Now, what I left out was bone strengthening. The theory goes like this: Micro-fractures in bone cause rapid mineralization of the fracture site, filling it up with calcium to reform the bone. So by repeatedly causing these micro-fractures, over time it can lead to a much stronger bone.
But it turns out that might not actually be true. According to some medical doctors, the fractures do increase strength temporarily, but eventually the bone becomes as weak as any other part of the bone, meaning that it's just as likely to break there as any other part of the same bone over the long term: http://www.nytimes.com/2010/10/19/health/19really.html
Of course, that article refers to medical bone breaks and fractures. But what about martial arts micro-fracturing? All bets are off. I don't think it has been sufficiently studied to say either way.
My feeling is that there probably will be some increase in bone strength, but it will only last until you stop the iron body training. At which point, it will probably return to normal strength. Most likely, then, what people perceive as their bones getting stronger is actually just a lessening of pain and an increase in power due to mechanical adaptations as a result (mentioned above).
One of the things you can definitely do to increase bone density and bone volume is to start doing weight lifting exercises. Increasing the load (weight) your bones have to endure will cause your bones to grow. This is described in Wolfe's Law. But once again, this is temporary. Your bone's strength will decrease again after you stop loading it.

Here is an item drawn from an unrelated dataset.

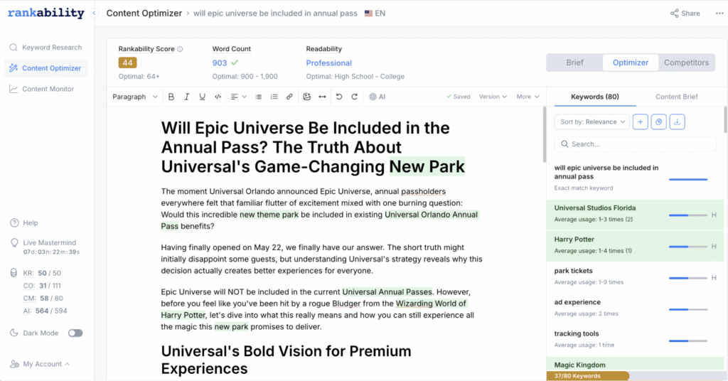 Rankability is designed to help marketers optimize content for both traditional search engines like Google and emerging AI search platforms. It brings keyword research, content briefs, optimization scoring, and AI writing into one workflow, making it easier to create content that aligns with real search intent.

Anyway, how important is this "iron body" practice in martial arts? Well, that depends on the style. Styles that do a lot of iron body training probably need it more than styles that practice it less or not at all. Without it, hitting your bones against something will cause a lot of pain, and that will cause you to be timid about using your bones in the way in which your style requires. Some say that's probably a good thing, some obviously would disagree.
Muay Thai, for example, uses the shin in its version of the round kick. They practice by hitting stiff punching bags at first. And then later on they'll work on hitting their shins against harder objects. The object is to lessen pain and make the shin bone stronger. This in turn gives them confidence enough to swing their legs really powerfully without worrying about breaking their shin bones. And in general, it works in their favor. But that's because they typically land their round kicks on their opponent's softer areas, like the thigh muscles and the abdomen. But they often do break their shins when they try the same kind of kick on an opponent who turns his knee into the shin. That happens because the lower part of the tibia (shin bone) is inherently weaker than the top part of it (just below the knee). Probably no amount of toughening exercises can make up for this difference.
So in the end, maybe it's just the pain lessening and mechanical adaptation that's important. The bone strengthening is probably a red herring. Or at the very least, it's overemphasized. In my opinion.
Final word about safety: Obviously, iron body training can cause permanent nerve damage. So work up to it gradually. If you feel shooting pain, pins and needles, or numbness, stop immediately and don't return to it until you know you can handle it and have corrected whatever you were doing wrong. Because, like I said, normally this shouldn't happen. Start slowly and gradually increase force.